** Dataset follows **
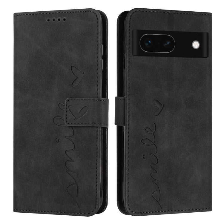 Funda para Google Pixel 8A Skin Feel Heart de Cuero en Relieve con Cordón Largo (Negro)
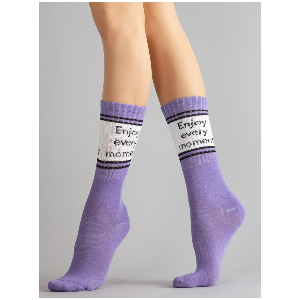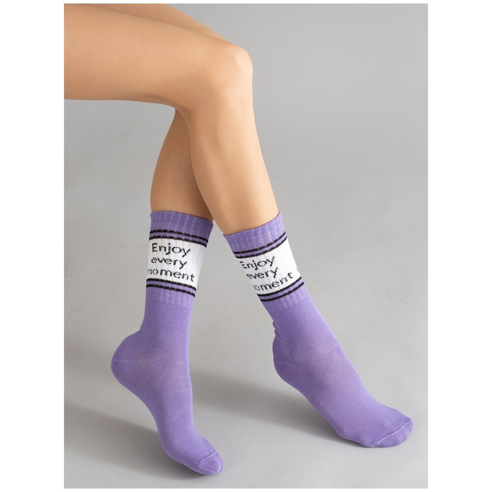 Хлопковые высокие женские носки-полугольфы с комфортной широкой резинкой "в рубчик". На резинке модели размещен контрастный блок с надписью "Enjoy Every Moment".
** End of Dataset **
** Dataset follows **
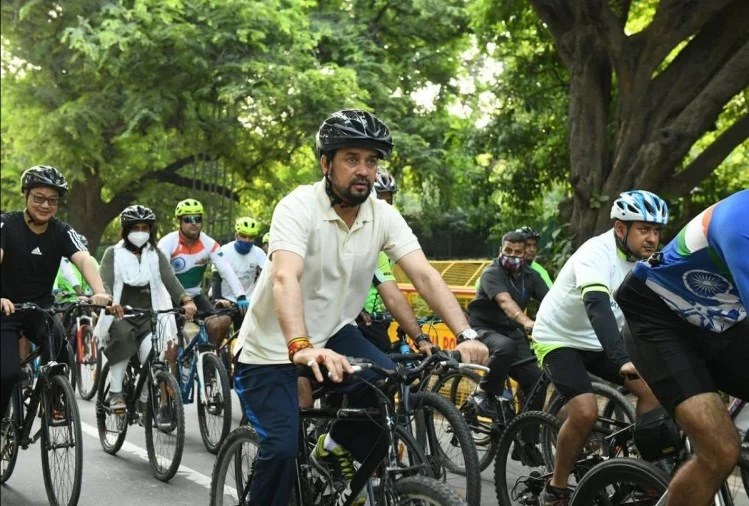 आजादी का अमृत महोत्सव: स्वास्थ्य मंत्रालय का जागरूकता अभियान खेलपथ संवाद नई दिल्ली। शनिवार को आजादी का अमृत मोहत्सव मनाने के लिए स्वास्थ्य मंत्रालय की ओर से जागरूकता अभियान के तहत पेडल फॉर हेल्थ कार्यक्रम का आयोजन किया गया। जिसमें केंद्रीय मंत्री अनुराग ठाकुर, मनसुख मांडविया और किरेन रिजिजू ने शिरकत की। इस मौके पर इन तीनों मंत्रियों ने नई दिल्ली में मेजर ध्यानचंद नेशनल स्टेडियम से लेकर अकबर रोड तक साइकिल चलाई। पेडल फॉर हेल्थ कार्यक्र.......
** End of Dataset **
** Dataset follows **
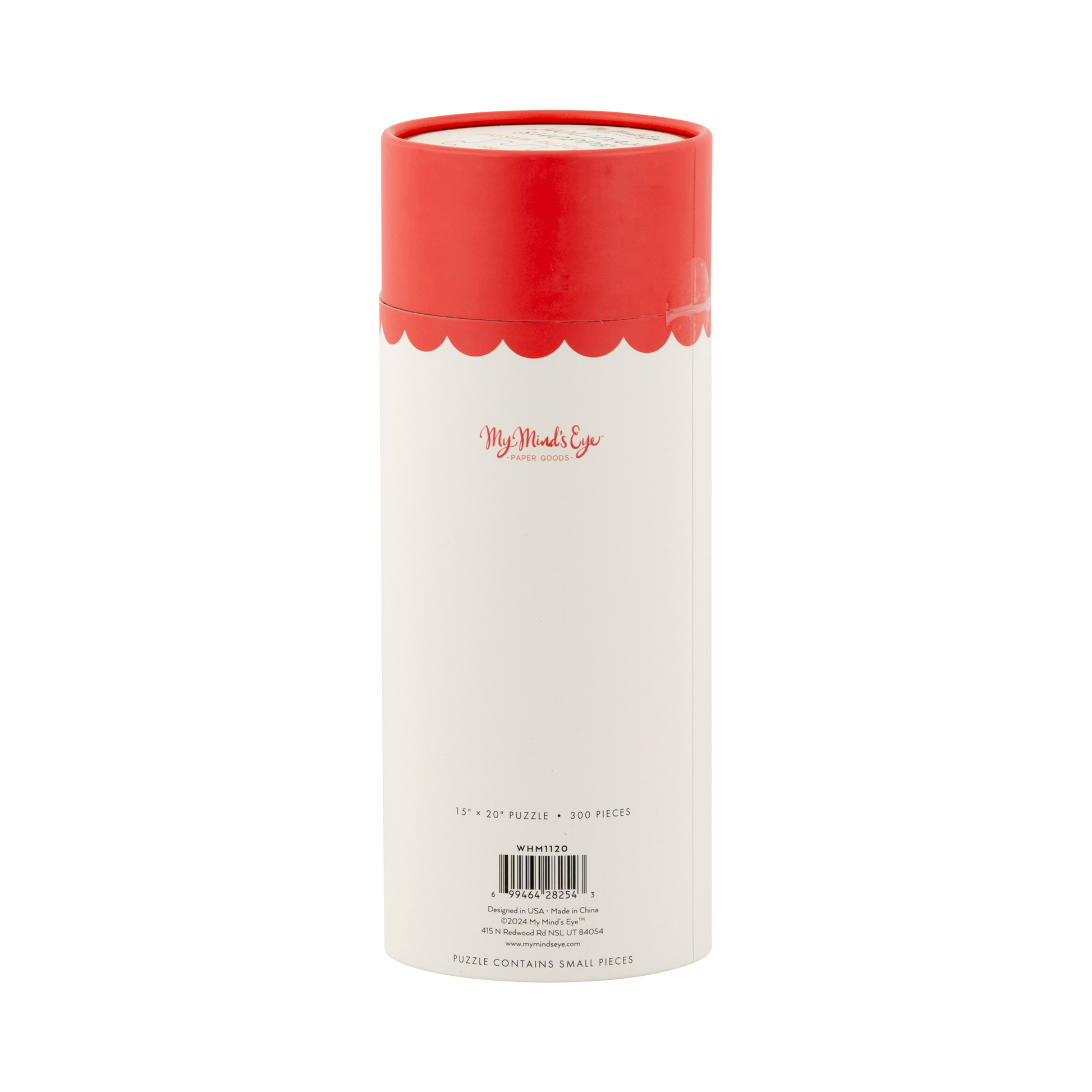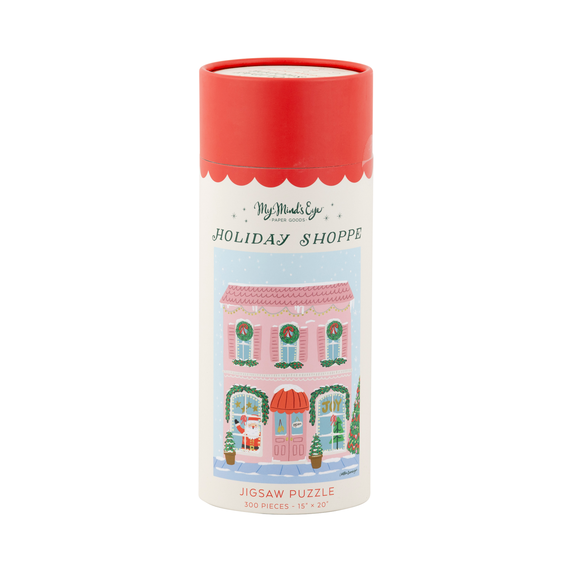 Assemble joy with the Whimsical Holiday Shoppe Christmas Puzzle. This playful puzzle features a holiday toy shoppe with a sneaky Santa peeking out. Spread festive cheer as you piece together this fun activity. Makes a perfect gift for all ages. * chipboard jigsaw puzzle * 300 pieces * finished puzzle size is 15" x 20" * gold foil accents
** End of Dataset **
**What the task requires**
Starting with the line that has "Funda para Google" and going on through the line that has "Хлопковые высокие женские", transcribe the records above exactly, but skip the pictures.

**Answer box**
 Funda para Google Pixel 8A Skin Feel Heart de Cuero en Relieve con Cordón Largo (Negro)
 Хлопковые высокие женские носки-полугольфы с комфортной широкой резинкой "в рубчик". На резинке модели размещен контрастный блок с надписью "Enjoy Every Moment".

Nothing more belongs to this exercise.